Luis Secco: El principal objetivo del Gobierno es bajar la inflación y el Banco Central ha establecido metas muy exigentes: entre un 12% y un 17% para este año. Actualmente, toda la presión recae sobre la política monetaria a través de la tasa de interés. El proceso de absorción de Lebac y de pases pasivos tiene una gran envergadura: el stock acumulado entre ambos instrumentos asciende a unos $900.000 millones. Cuando Federico Sturzenegger asumió el cargo, el monto se ubicaba en $300.000 millones, es decir, la cifra se ha triplicado. Y para fines de 2017 se espera que el stock de pasivos ascienda a $1,2 billones. Otro dato a tener en cuenta son los intereses de deuda que se pagan, ya que para este año se espera que la cifra ascienda a $200.000 millones y para el año que viene se proyecta un monto similar. Con esta política monetaria, se espera que este año la inflación se ubique entre un 20% y un 25%.

P: ¿No se necesita un acompañamiento de la política fiscal?

L.S.: La principal preocupación es bajar la inflación. Actualmente, el costo está implícito en la tasa de las Lebac y la de pases. En general, los países que buscan combatir esta cuestión tienden a acompañar con la política fiscal. En Argentina, en un principio se utilizó una política fiscal expansiva, lo cual es lógico, ya que había que calcular y corregir la distorsión previa de la gestión anterior. En el tiempo, la política monetaria restrictiva deberá ser acompañada por la fiscal y por otro tipo de cuestiones estructurales. Este tipo de política es razonable en una etapa de transición, siempre y cuando se empiece a trabajar en otros aspectos como el mercado de trabajo y en el exceso de regulaciones.

P: Hay que tener en cuenta que es un año electoral...
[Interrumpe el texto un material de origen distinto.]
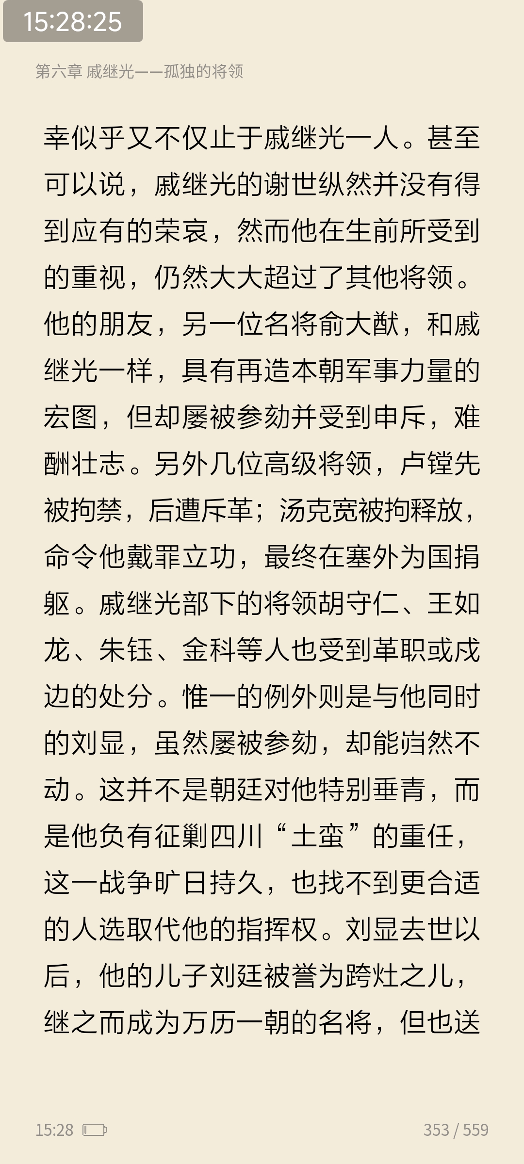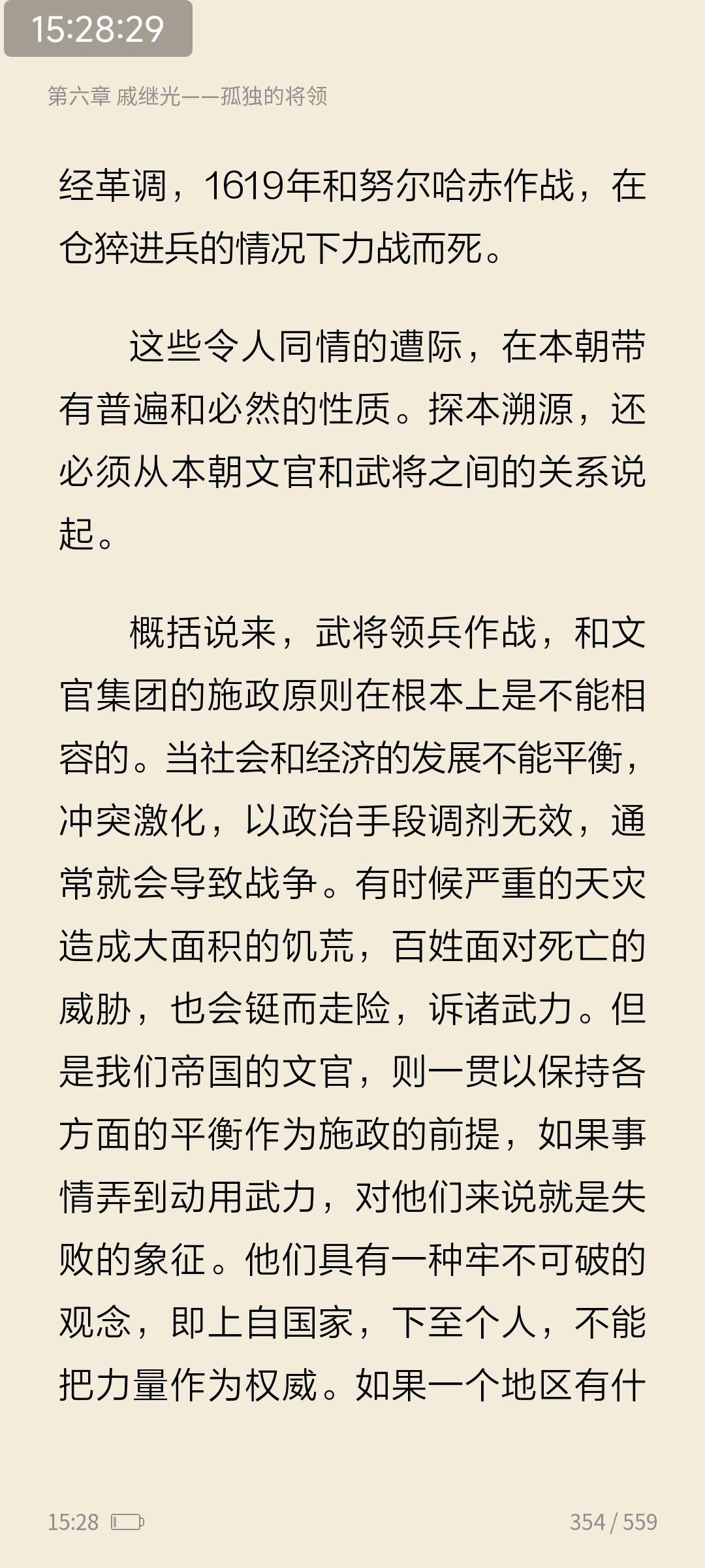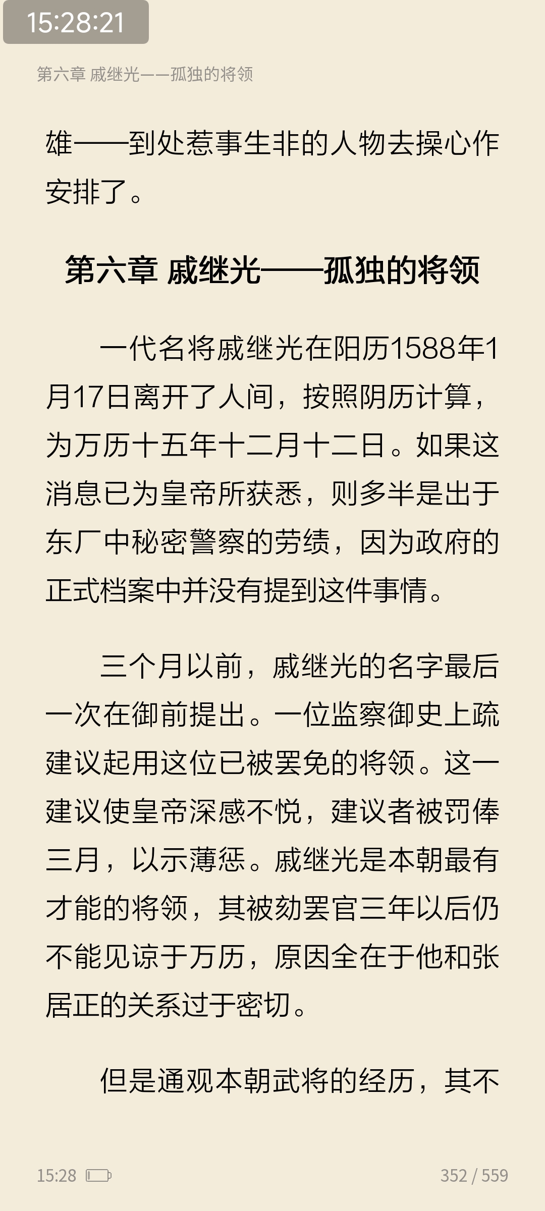 今日续读《万历十五年》第六章戚继光-孤独的将领。--戚继光是否是一个超自然的崇拜者?从某些方面来说,他和很多同时代的人物一样,确实有这样的倾向。但是在有些时候,超自然的信仰却只是一种治军的手段。--戚继光的不幸遭遇是因为他在一镇中推行的整套措施业已在事实上打破了文官集团所力图保持的平衡。既然如此,他就必须付出代价。

L.S.: Los cambios se van a empezar a ver a partir de octubre. La expectativa de ver un nuevo Gobierno luego de las elecciones le quita ansiedad y preocupación a los agentes económicos, que están esperando a ver qué ocurre después de octubre, cuando llega 'la nueva política'. Las proyecciones indican que el Gobierno va a tener un buen resultado, pero mientras tanto, los consumidores y los inversores deciden esperar, lo que retrasa también la reactivación de la economía, salvo por algunos sectores, como el energético y el de la construcción.

P: ¿Cuáles son los riesgos de que siga aumentando el déficit cuasifiscal?

L.S.: Los riesgos aparecen cuando este proceso no se puede controlar. El Gobierno apuesta por que el crecimiento reduzca el peso de estos problemas, ya que permitirá disminuir tanto el déficit fiscal como el cuasifiscal; pero para que esto ocurra es necesario que venga acompañado por las políticas públicas. Actualmente, los agentes económicos no creen que el 'nuevo Gobierno' venga acompañado por un conflicto con las Lebac, aunque hay cierto miedo respecto al crecimiento en los stocks de los pasivos. Por ahora, el Gobierno va por buen camino, ya que no hay nada más reactivante para la economía que una baja en la inflación.

P: ¿En qué nivel debería ubicarse el tipo de cambio?

L.S.: Empezar por resolver los problemas por el tipo de cambio es un atajo. Argentina primero debe elegir qué tipo de Estado quiere. Necesita generar un cambio en el exceso de las regulaciones, en el peso del estado, en la apertura de la economía, en los métodos de financiamiento y en la eficiencia de bienes y servicios que provee. Resolver la cuestión del tipo de cambio es empezar por el final. Es necesario reducir la intervención del Banco Central en el mercado cambiario, pero es fundamental llegar a un país con menos rigideces y problemas estructurales.

P: ¿Cómo ve la evolución de la actividad?

L.S.: Los indicadores muestran ciertas señales de recuperación, pero con distorsiones geográficas y sectoriales. Hay que ver primero cómo se solucionan los problemas de la macro. Por ejemplo, los acuerdos sectoriales reflejan que las preocupaciones de la Argentina son las correctas, pero sin embargo no logran generalizar los beneficios en toda la economía. Hay que esperar a que el Gobierno disminuya la presión impositiva, las rigideces y el tamaño del Estado, y este cambio va a llegar a partir de octubre.